### WORK ITEM
Return the full listing, keeping every line exactly as it is.

### AVAILABLE DATA
——————

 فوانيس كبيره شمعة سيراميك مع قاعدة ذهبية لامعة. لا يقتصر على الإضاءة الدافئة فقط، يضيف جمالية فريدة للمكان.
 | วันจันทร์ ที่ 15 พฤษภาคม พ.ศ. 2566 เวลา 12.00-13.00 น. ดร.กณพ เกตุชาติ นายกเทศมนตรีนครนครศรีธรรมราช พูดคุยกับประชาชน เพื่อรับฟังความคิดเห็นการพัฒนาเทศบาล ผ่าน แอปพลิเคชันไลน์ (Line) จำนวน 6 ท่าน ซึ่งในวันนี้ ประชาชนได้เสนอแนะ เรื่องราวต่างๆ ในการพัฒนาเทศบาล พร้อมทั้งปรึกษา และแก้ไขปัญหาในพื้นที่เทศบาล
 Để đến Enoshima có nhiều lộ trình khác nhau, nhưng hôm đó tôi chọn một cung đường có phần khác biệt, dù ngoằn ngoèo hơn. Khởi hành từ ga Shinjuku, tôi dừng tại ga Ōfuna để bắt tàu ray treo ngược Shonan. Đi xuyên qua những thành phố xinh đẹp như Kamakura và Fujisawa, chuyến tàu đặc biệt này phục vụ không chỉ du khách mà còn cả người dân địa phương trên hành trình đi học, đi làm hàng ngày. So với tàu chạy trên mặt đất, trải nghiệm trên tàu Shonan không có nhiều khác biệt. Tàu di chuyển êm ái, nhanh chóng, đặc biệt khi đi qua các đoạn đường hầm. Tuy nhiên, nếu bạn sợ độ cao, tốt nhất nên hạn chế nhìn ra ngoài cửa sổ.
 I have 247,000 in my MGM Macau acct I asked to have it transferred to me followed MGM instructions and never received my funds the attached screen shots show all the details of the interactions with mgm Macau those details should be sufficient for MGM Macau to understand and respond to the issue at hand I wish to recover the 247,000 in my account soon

——————

### ANSWER TO THIS TASK
 فوانيس كبيره شمعة سيراميك مع قاعدة ذهبية لامعة. لا يقتصر على الإضاءة الدافئة فقط، يضيف جمالية فريدة للمكان.
 | วันจันทร์ ที่ 15 พฤษภาคม พ.ศ. 2566 เวลา 12.00-13.00 น. ดร.กณพ เกตุชาติ นายกเทศมนตรีนครนครศรีธรรมราช พูดคุยกับประชาชน เพื่อรับฟังความคิดเห็นการพัฒนาเทศบาล ผ่าน แอปพลิเคชันไลน์ (Line) จำนวน 6 ท่าน ซึ่งในวันนี้ ประชาชนได้เสนอแนะ เรื่องราวต่างๆ ในการพัฒนาเทศบาล พร้อมทั้งปรึกษา และแก้ไขปัญหาในพื้นที่เทศบาล
 Để đến Enoshima có nhiều lộ trình khác nhau, nhưng hôm đó tôi chọn một cung đường có phần khác biệt, dù ngoằn ngoèo hơn. Khởi hành từ ga Shinjuku, tôi dừng tại ga Ōfuna để bắt tàu ray treo ngược Shonan. Đi xuyên qua những thành phố xinh đẹp như Kamakura và Fujisawa, chuyến tàu đặc biệt này phục vụ không chỉ du khách mà còn cả người dân địa phương trên hành trình đi học, đi làm hàng ngày. So với tàu chạy trên mặt đất, trải nghiệm trên tàu Shonan không có nhiều khác biệt. Tàu di chuyển êm ái, nhanh chóng, đặc biệt khi đi qua các đoạn đường hầm. Tuy nhiên, nếu bạn sợ độ cao, tốt nhất nên hạn chế nhìn ra ngoài cửa sổ.
 I have 247,000 in my MGM Macau acct I asked to have it transferred to me followed MGM instructions and never received my funds the attached screen shots show all the details of the interactions with mgm Macau those details should be sufficient for MGM Macau to understand and respond to the issue at hand I wish to recover the 247,000 in my account soon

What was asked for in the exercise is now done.